Survival in patients with TIF requires immediate recognition/diagnosis followed by emergent hemorrhage control and expeditious occlusion of the fistulous tract. Emergent management involves securing the patient’s airway with endotracheal intubation and placement and maximal inflation of the ETT balloon below the level of the tracheostomy, and manual compression of the innominate artery at level of tracheal stoma/manubrium (Utley maneuver) [1,2]. This is followed by bronchoscopy and removal or endobronchial blood/clots and definitive therapy. Open operative management (median sternotomy and repair or ligation of the innominate artery) is fraught with high intra- and perioperative mortality rates related to technical difficulties in obtaining initial hemorrhage control and postoperative complications in this patient population [4].

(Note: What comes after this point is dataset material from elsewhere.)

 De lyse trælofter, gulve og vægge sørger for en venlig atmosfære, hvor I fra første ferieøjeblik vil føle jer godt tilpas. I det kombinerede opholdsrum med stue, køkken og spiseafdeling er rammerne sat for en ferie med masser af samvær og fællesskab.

Advancements in endovascular therapy may allow stenting to become a preferred initial management strategy. Safran et al. have described the use of covered endovascular stents in the treatment of isolated innominate artery pseudoaneurysms due to injuries from central venous access [12]. Endovascular stenting has been utilized in trauma patients with injuries to the innominate artery and great vessels [13,14]. Endovascular stenting has also been used for the treatment of TIF as a definitive treatment or as a bridge to definitive treatment [4,9,14]. Risks of endovascular management include stent infection, occlusion, and erosion into the trachea with rebleeding [4,9]. Most of the patients who developed these complications had evidence of previous sternotomy, chest wall deformity, or multiple comorbidities, also making them high-risk candidates for the surgical treatment [4-9].

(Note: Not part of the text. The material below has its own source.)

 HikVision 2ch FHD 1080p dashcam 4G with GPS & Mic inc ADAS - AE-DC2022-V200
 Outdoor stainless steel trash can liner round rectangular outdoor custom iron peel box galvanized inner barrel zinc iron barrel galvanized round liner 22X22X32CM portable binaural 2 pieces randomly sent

Taechariyakul et al. have identified a total of 261 cases of TIF in a cohort analysis [7]. Of the 12.6% of cases that were treated endovascularly (covered stents or embolization of the innominate artery), survival was comparable between endovascular and surgical treatment, with a reported hazard ratio of 0.78 (CI 0.34-1.79).

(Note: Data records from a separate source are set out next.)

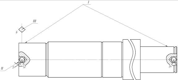 момент передаётся на зубчатое колесо 1 через шлицевое соединение, затем через шпоночное
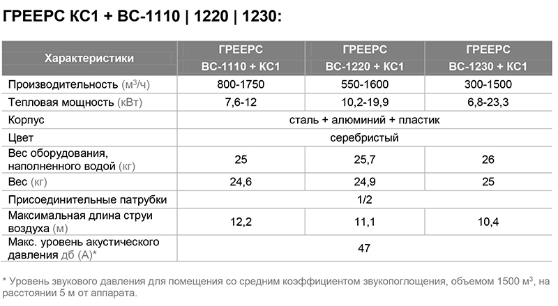 тепловентиляторов ГРЕЕРС ЕС-12, ГРЕЕРС ВС-1110, ГРЕЕРС ВС-1220, ГРЕЕРС ВС-1230
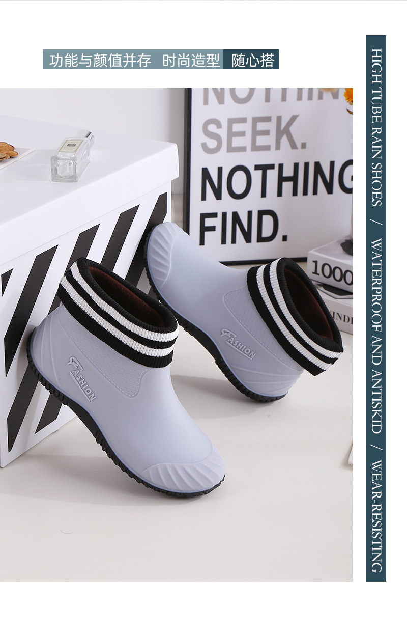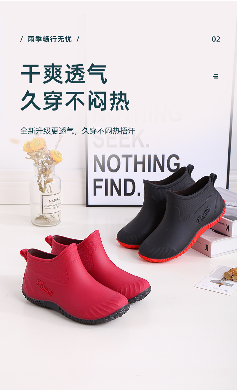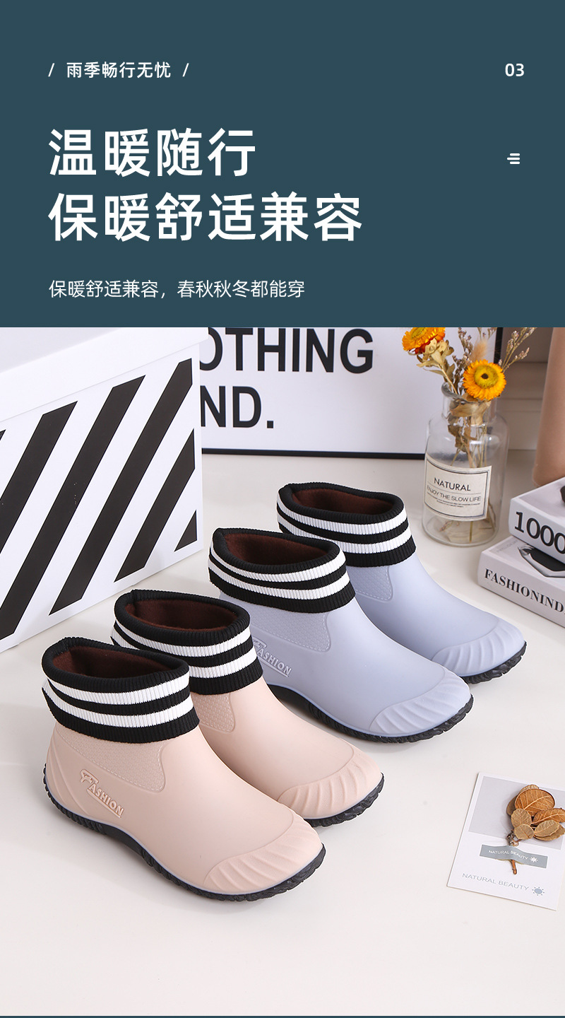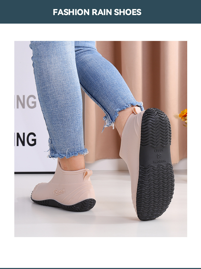 [싱글 천] 장화 여성용 일본 패션 아우터 올 매치 여성용 장화 짧은 미끄럼 방지 워터 부츠 방수 고무 신발

In our case, the patient was deemed a high-risk candidate and underwent endovascular stenting with a covered stent. Different levels of challenges were noted, including bovine arch variant, occlusion of the right common carotid artery, and management of this complication endovascularly, which is first to be reported in the literature. The patient had a favorable outcome with resolution of bleeding. The patient will be monitored closely to assess long-term outcomes from endovascular stenting.

Conclusions

Advances in endovascular interventions can be utilized in treating TIFs, a devastating complication of prolonged tracheostomy, with prohibitive operative mortality. Endovascular stenting might be the preferred approach in patients who are poor surgical candidates for surgical intervention. It is likely that it will become the preferred procedure for all patients with this complication. Long-term follow-up is required in these patients due to risks of stent placement, including infection, occlusion, and erosion. Several studies will need to be performed to assess morbidity and mortality in patients undergoing endovascular treatment of TIFs.